With the Indian Railways set to incur capital expenditure of ₹1.21 lakh crore in 2016-17, domestic steel makers and some logistics companies are likely to benefit.

Initiatives such as construction of new rail lines, renewal of existing tracks and additions to the Railway’s existing fleet of wagons and coaches, all of which use steel should spur steel consumption thereby benefiting domestic steel manufacturers.

Here are some numbers to put things in perspective. The Indian Railways has proposed to construct 400 route kms of new lines and also add 747 locomotives, 3,431 coaches and 12,000 wagons, among other things in 2016-17.

The production of all this would require about three lakh tonnes of steel.

This calculation is based on the assumption that 400 route kms of new lines would translate into at least 800 kms given that at least one track (two rail lines) will be laid on a particular route. The renewal of existing tracks would generate addition demand.

The steel industry has been bogged down by tepid demand. During April-December 2015, India’s steel consumption grew 4.7 per cent (year-on-year) to 59 million tonnes.

While this is better than the average growth in world steel demand, it is much lower than the rates at which domestic steel demand has grown in the past.

Among the large steel manufacturers, Steel Authority of India (SAIL) caters directly to the demand from the Indian Railways and stands to benefit. SAIL manufactures rails and wheels and axles (used in wagons and coaches) and also supplies steel to the production facilities of the Indian Railways such as the Integral Coach Factory and the Rail Coach Factory that manufacture coaches and wagons. For some of the other large steel companies, supplies to the Railways constitute a smaller proportion of their product portfolio.

Many steel producers that do not directly supply to the Railways too can gain by supplying to rail product manufacturers such as Texmaco Rail & Engineering and Titagarh Wagons.

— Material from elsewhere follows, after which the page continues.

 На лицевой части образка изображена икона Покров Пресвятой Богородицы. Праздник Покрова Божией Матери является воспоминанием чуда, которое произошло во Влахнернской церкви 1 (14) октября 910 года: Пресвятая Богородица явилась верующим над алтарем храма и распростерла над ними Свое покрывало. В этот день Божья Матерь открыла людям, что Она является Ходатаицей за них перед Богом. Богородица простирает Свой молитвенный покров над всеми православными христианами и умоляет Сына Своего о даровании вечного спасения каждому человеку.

Logistics play The proposal to create three new dedicated freight corridors (DFCs) will give a boost to logistics players such as Container Corporation of India (CCI) and Gateway Distriparks. There are already two DFCs under construction currently. Not increasing freight rates in spite of subdued freight segment revenue is a positive that can aid volume growth. Freight traffic is targeted to increase by 50 million tonnes in 2016-17. And given the desire to ‘challenge conventional thinking on freight policy’, freight logistics players may continue to witness policy tailwinds, boosting growth.

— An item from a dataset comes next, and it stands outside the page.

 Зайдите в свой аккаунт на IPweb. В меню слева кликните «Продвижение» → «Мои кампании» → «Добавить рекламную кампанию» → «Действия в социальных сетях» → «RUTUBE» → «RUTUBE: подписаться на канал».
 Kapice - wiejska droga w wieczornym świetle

Using a PPP model to create logistics and warehouse parks can give a boost to smaller players such as Navkar Corporation. At the same time, it can hurt State-owned rail transport service provider CCI. The company has enjoyed leadership position with a market share of 75 per cent. It has a vast network of 63 container depots and it handles two-thirds of the railway container cargo. This advantage may be diminished somewhat in the long-term, though near-term prospects remain bright.